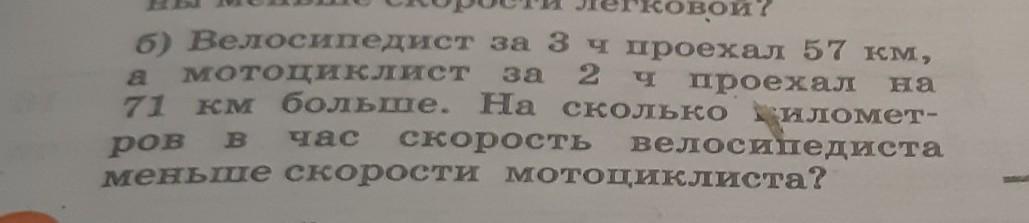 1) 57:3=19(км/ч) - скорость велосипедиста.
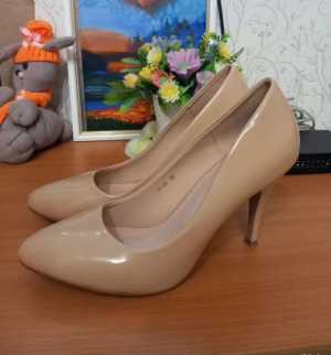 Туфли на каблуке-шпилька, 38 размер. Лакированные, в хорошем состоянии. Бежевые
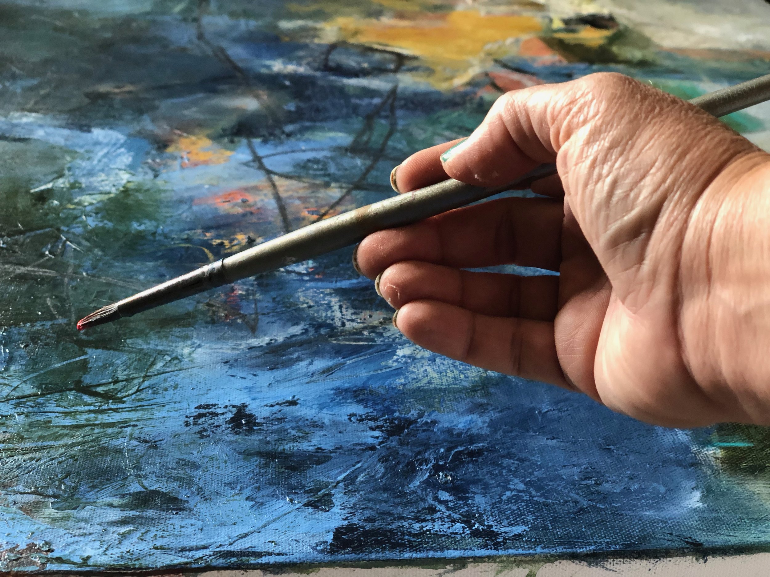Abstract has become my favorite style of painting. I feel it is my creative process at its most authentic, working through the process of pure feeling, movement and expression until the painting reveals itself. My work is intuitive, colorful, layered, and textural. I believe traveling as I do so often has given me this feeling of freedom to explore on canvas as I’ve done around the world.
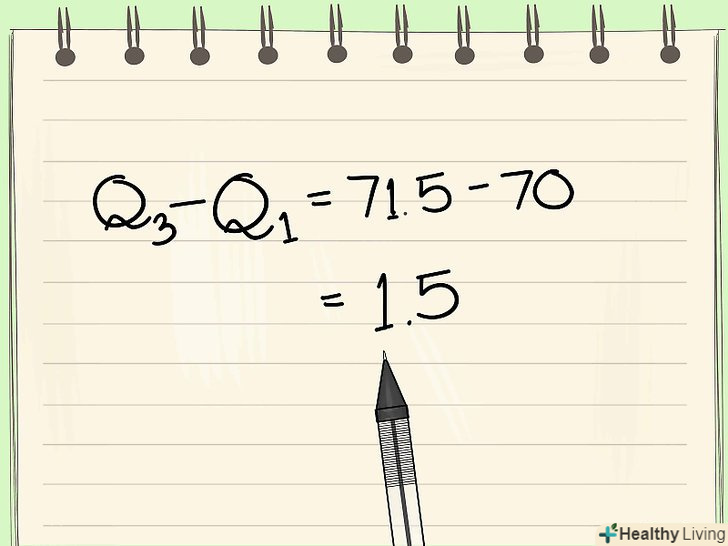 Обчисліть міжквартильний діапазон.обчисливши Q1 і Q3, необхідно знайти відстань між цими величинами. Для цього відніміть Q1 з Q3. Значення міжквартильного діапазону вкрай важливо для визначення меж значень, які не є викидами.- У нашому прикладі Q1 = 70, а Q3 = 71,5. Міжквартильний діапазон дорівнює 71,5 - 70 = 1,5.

# [Task objective]
The lines to repeat run from the line containing "Туфли на каблуке-шпилька, 38" through the end of the listing above, both included; give them exactly and without pictures.

# [Exercise answer]
 Туфли на каблуке-шпилька, 38 размер. Лакированные, в хорошем состоянии. Бежевые
Abstract has become my favorite style of painting. I feel it is my creative process at its most authentic, working through the process of pure feeling, movement and expression until the painting reveals itself. My work is intuitive, colorful, layered, and textural. I believe traveling as I do so often has given me this feeling of freedom to explore on canvas as I’ve done around the world.
 Обчисліть міжквартильний діапазон.обчисливши Q1 і Q3, необхідно знайти відстань між цими величинами. Для цього відніміть Q1 з Q3. Значення міжквартильного діапазону вкрай важливо для визначення меж значень, які не є викидами.- У нашому прикладі Q1 = 70, а Q3 = 71,5. Міжквартильний діапазон дорівнює 71,5 - 70 = 1,5.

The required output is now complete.